SYNOPSIS: Much attention has been focused recently on the health hazards of asbestos, particularly with its use in school classroom ceilings and in hair dryers. That health danger, however, is not as great as the danger posed to persons who work in asbestos plants.

Research indicates that people who work in asbestos plants and inhale the fibers run a significantly higher risk of contracting lung cancer (20 times higher than for people who smoke). Other ailments include the respiratory disease asbestosis and mesothelioma. There also is a 300 to 400 percent increase in gastrointestinal cancer due to the fact that those who inhale the fibers also swallow them.

The situation is all the more tragic in light of the fact that the asbestos industry has been aware of the deadliness of their product since the 1930s and has done nothing about it. Finally, in the late 1960s, the U.S. government began regulating the asbestos industry.
What the American public does not know is that the asbestos manufacturers responded to the new regulations by simply moving their factories to Third World nations such as Mexico, Taiwan, South Korea, India, and Brazil where the regulations were either minimal or nonexistent. Additionally, the corporate profits in these locations were even higher because of the lower wages.

The working conditions in these foreign plants are horrendous.
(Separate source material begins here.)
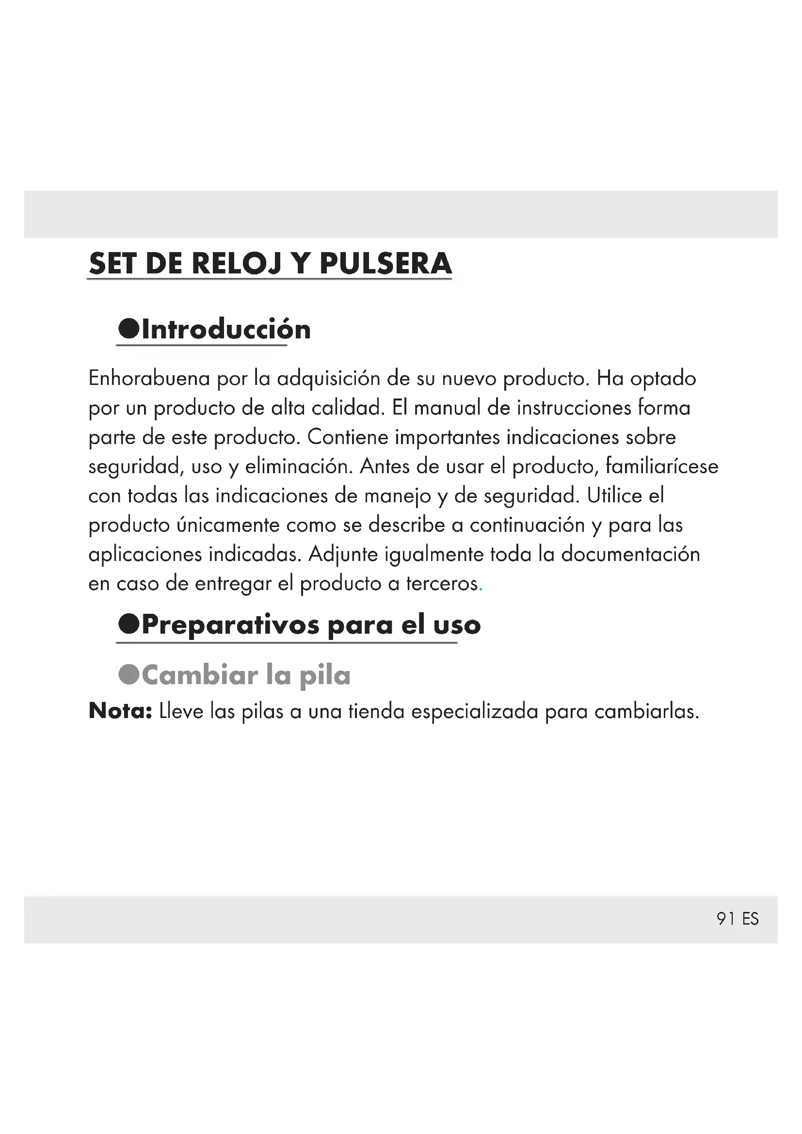 P Introducción Enhorabuena por la adquisición de su nuevo producto. Ha optado por un producto de alta calidad. El manual de instrucciones forma parte de este producto. Contiene importantes indicaciones sobre seguridad, uso y eliminación. Antes de usar el producto, familiarícese con todas las indicaciones de manejo y de seguridad. Utilice el producto únicamente como se describe a continuación y para las aplicaciones indicadas. Adjunte igualmente toda la documentación en caso de entregar el producto a terceros. P Preparativos para el uso P Cambiar la pila Nota: Lleve las pilas a una tienda especializada para cambiarlas.92 ES P Pantalla

Investigations of asbestos manufacturing plants such as Amatax, which has plants just across the border from El Paso, Texas, and Douglas, Arizona, found the air in the factories thick with asbestos fibers and large clumps of the material clinging to nearby bushes and fences where children play. The penchant young children have for putting things in their mouths makes the situation there all the more frightening.

 

UPDATE: By the 1980s, corporate America finally acknowledged the tragic hazards of asbestos. Major asbestos producers gave up the business either by choice or by bankruptcy; the largest to quit included U.S. Gypsum, Manville Corp., and UNR Industries Inc. of Chicago. The demise of the industry was hastened by a series of EPA orders starting in 1982 and climaxing in 1989 with the Asbestos Ban & Phaseout Rule, which provides for the elimination of 94 percent of all asbestos used in the U.S. by 1997 (Chicago Tribune, 4/30/96).

But, as reported by The National Journal (6/23/84), seven years after our Censored story, multinational corporations were still exporting some of their dirty industries, like asbestos, to Third World countries with weak environmental regulations. Eleven years later, the Mining Annual Review (July 1995) updated this continuing trend by reporting a "dramatic upturn in fortunes" for the asbestos industry, now found mostly in developing countries including Mexico, Brazil, South Africa, Zimbabwe, Swaziland, South Korea, Taiwan, China, India, Kazakhstan, Siberia, and Greece.